我之所以选择后者,是因为它模仿了演绎指南.前者也可以,但是我认为这种方法可能更简单(函数样板比结构样板小).
I chose the latter because it mimics deduction guides. The former would work too, but I thought that this method might be easier (function boilerplate is smaller than struct boilerplate).
查看std::function的演绎指南的文档,有一个简单的方法:
Looking at the documentation for std::function's deduction guides, there is an easy one:
template<class R, class... ArgTypes>
function(R(*)(ArgTypes...)) -> function<R(ArgTypes...)>;
这很容易翻译:
template <typename R, typename... ArgTypes>
auto deduce_std_function(R(*)(ArgTypes...)) -> std::function<R(ArgTypes...)>;
基本上,给定任何函数指针R(*)(ArgTypes...),我们想要的类型是std::function<R(ArgTypes...)>.
Basically, given any function pointer R(*)(ArgTypes...), the type we want is std::function<R(ArgTypes...)>.
文档指出第二种情况:
此重载仅在以下情况下参与重载解析 当
&F::operator()被视为未经评估的操作数时,其格式正确 并且decltype(&F::operator())的格式为R(G::*)(A...)(可选 cv限定,可选地,noexcept,可选地,左值引用 合格的)用于某些类类型G.推导的类型是std::function<R(A...)>.
This overload only participates in overload resolution if
&F::operator()is well-formed when treated as an unevaluated operand anddecltype(&F::operator())is of the formR(G::*)(A...)(optionally cv-qualified, optionally noexcept, optionally lvalue reference qualified) for some class type G. The deduced type isstd::function<R(A...)>.
那是一口.但是,这里的关键思想是碎片:
That's a mouthful. However, the key idea here is the pieces:
- "
decltype(&F::operator())的格式为R(G::*)(A...)" - "推导类型为
std::function<R(A...)>"
- "
decltype(&F::operator())is of the formR(G::*)(A...)" - "The deduced type is
std::function<R(A...)>"
这意味着我们需要获取operator()的指针到成员函数,并将该指针到成员函数的签名用作std::function的签名.

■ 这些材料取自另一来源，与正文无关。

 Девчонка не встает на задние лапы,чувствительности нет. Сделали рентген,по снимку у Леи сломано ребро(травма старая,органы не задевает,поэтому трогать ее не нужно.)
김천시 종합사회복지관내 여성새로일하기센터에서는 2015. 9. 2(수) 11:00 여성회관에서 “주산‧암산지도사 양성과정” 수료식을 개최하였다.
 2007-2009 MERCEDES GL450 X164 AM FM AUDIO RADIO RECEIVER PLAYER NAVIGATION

This means that we need to get the pointer-to-member-function for operator() and use the signature of that pointer-to-member-function as the signature of the std::function.
这是从哪里来的:
template <typename Function>
auto deduce_std_function(Function)
-> decltype(deduce_std_function_impl(&Function::operator()));
我们委托给deduce_std_function_impl,因为我们需要推断出指向成员函数指针&Function::operator()的签名.

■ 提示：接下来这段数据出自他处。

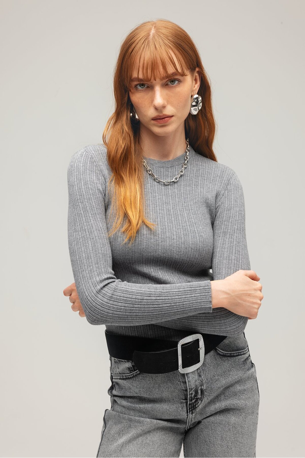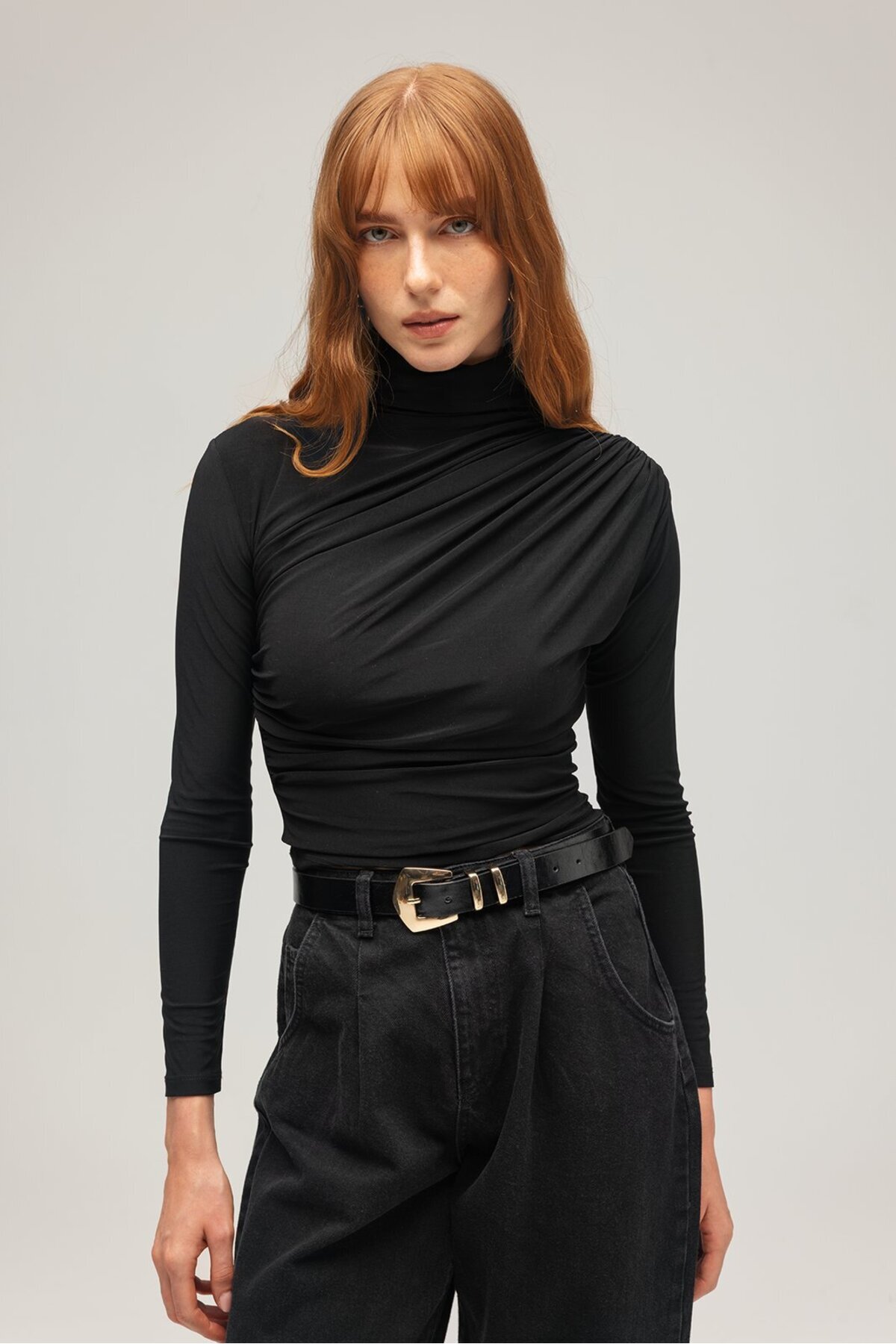 Kadın Omzu Vatkalı Drapeli Uzun Kollu Örme Bluz - Pile Detaylı Kadın Omzu Vatkalı Drapeli Uzun Kollu Örme Bluz - Pile Detaylı SD/MAW25BZ1119 L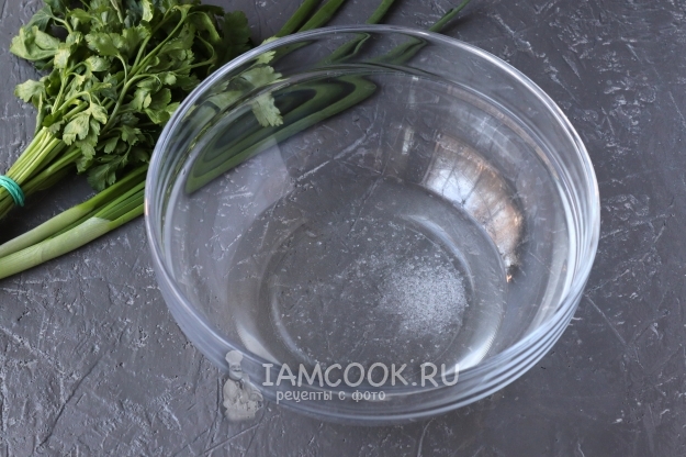 В подходящую для замеса миску нальем чистую фильтрованную воду комнатной температуры. Растворим в ней соль.

We delegate to deduce_std_function_impl because we need to deduce the signature for the pointer-to-member-function &Function::operator().
该impl函数有趣的重载是:
The interesting overload of that impl function is:
template <typename F, typename R, typename... ArgTypes>
auto deduce_std_function_impl(R(F::*)(ArgTypes...)) -> std::function<R(ArgTypes...)>;
简而言之,我们获取了指向成员函数指针的签名(R ... (ArgTypes...)位),并将其用于std::function.语法的其余部分((F::*)位)仅是指向成员函数指针的语法. R(F::*)(ArgTypes...)是类F的成员函数指针的类型,其签名为R(ArgTypes...),并且没有const,volatile或引用限定符.
In short, we're grabbing the signature (the R ... (ArgTypes...) bit) of the pointer-to-member-function and using that for std::function. The remaining part of the syntax (the (F::*) bit) is just the syntax for a pointer-to-member-function. R(F::*)(ArgTypes...) is the type of a pointer-to-member-function for class F with the signature R(ArgTypes...) and no const, volatile, or reference qualifiers.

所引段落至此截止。